Den kleinsten Stimmenanteil hatte Schreiner im Klettgau-Gymnasium in Tiengen mit 24,1 Prozent, wo er zehn Prozent weniger Prozentpunkte erreichte als die SPD-Bundestagsabgeordnete und Parlamentarische Staatssekretärin Rita Schwarzelühr-Sutter, die dort mit 34 Prozent ihr insgesamt stärkstes Ergebnis erzielte. Die wenigsten Wähler konnte die 58-jährige Lauchringerin im Pfarrsaal Waldkirch überzeugen, wo sie 19,8 Prozent bekam. Insgesamt konnten die Sozialdemokraten in Waldshut-Tiengen um 6,3 Prozentpunkte gegenüber 2017 zulegen. Die Partei erreichte bei den Zweitstimmen 23 Prozent.

Die Grünen erzielten ihr bestes Ergebnis bei den Zweitstimmen innerhalb der 18 Wahllokale in der Robert-Schumann-Realschule in Waldshut mit 19,9 Prozent und das schlechteste in der Gemeindehalle Indlekofen mit 7,4 Prozent.
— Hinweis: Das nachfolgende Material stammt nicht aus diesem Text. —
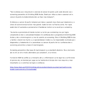 cancer di pecho ta keda detecta den un fase mas tempran”.

In fünf von sieben Briefwahlvorständen erreichte die Partei jedoch jeweils mehr als 20 Prozent, was darauf schließen lässt, dass ein Teil der Briefwähler sich auf die Grünen festgelegt hatte, bevor der Bundestrend für die Partei rückläufig war. Der Waldshuter Grünen-Kandidat Jan-Lukas Schmitt überzeugte die meisten Wähler, die an der Urne abstimmten, im Hochrhein-Gymnasium in Waldshut, wo der 26-jährige Wirtschaftsjournalist selbst kurz nach 11 Uhr am Wahlsonntag seine Kreuzchen machte. Sein niedrigstes Ergebnis verzeichnete Schmitt in Aichen mit 6,7 Prozent. Insgesamt verbesserten die Grünen bei den Zweitstimmen ihr Ergebnis von 2017 um 4,8 Prozentpunkte auf 17,4 Prozent.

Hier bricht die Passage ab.